I bot agree and beg to differ having read a number of original studies, systematic reviews (the few good ones there are) and other kind of reviews on this subject. I have done this since my studies require me to do so, that said im not (that much) biased.
First of all, if you read the text you're referring to it says:
"This form of “cardio” takes well less than half the time (typically 12 to 20 minutes) of traditional long-distance cardio and leads to better results."

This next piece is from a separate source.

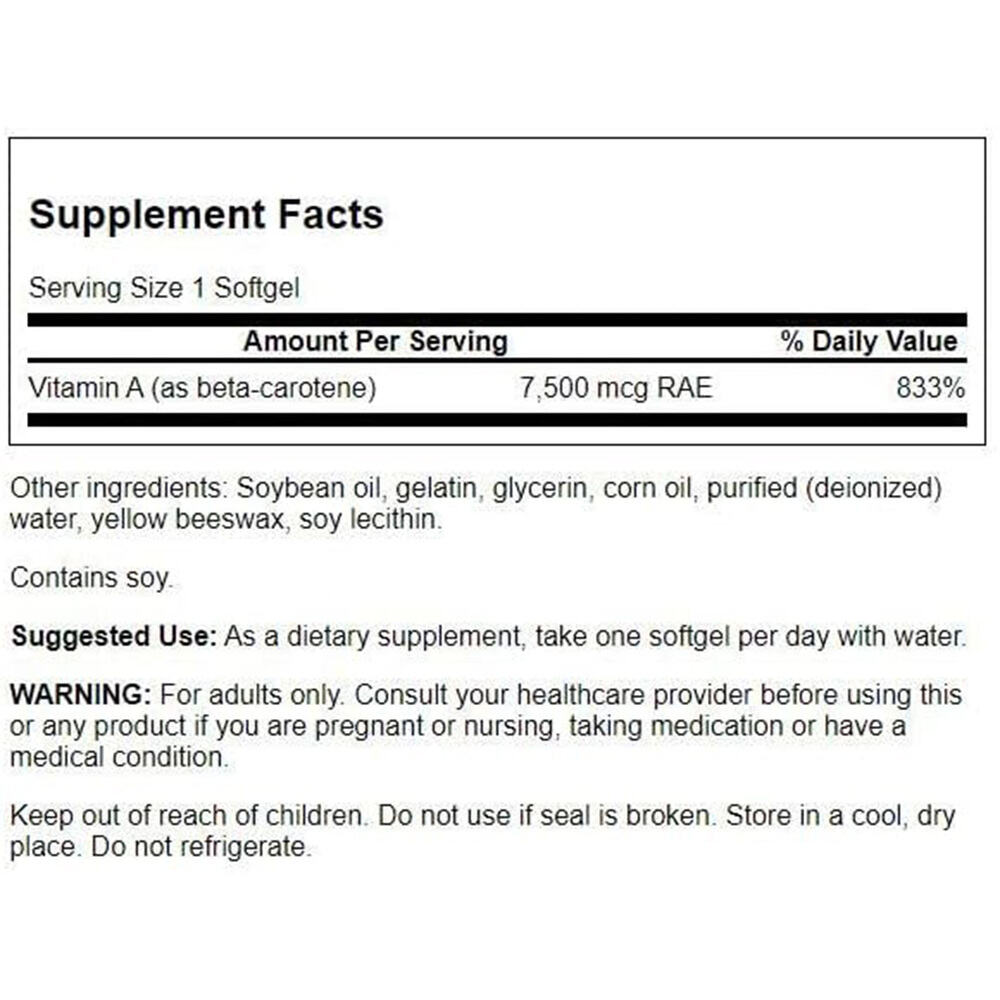 Ingredientes principais: Cada softgel contém Vitamina A na forma de beta-caroteno, além de outros componentes naturais como óleo de soja e lecitina de soja que contribuem para a integridade do produto.

It leads to better results in test groups (I assume there have been test groups, i cant find any sources which to me is unacceptable when trying to be a reliable and serious source), but it's not saying that it's a more efficent kind of exercise when it comes to burned kcal/workout. Since there's no source to read I can only speculate how that result was obtained. Most probable is what many other studies have shown: that the most efficent kind of exercise (when the aim is burning fat or weight loss) is a pain in the ass and many people quit since it's too hard.
Im not trying to be an ass here, just wanna shed some light on what alot of people are, quite commonly, missing when reading these kind of stuff. I mean, it sounds great "just" spendning 10-20 minutes on high-intensity training instead of having a bore 60+ minutes jogging, and to most people the 10-20 minute work-out is the best way to go since alot of (many previously untrained/not in good shape) people get injured or stop doing the tougher/more time-consuming work-out earlier compared to the high-intensity one.
Agreed: The short kind of training is best for the mainpart of people.
Though, the (few) ones who can and will stick to the more time consuming and "more painful" exercise will gain more weight-loss and get a better protection from heart and vessel diseases (among others).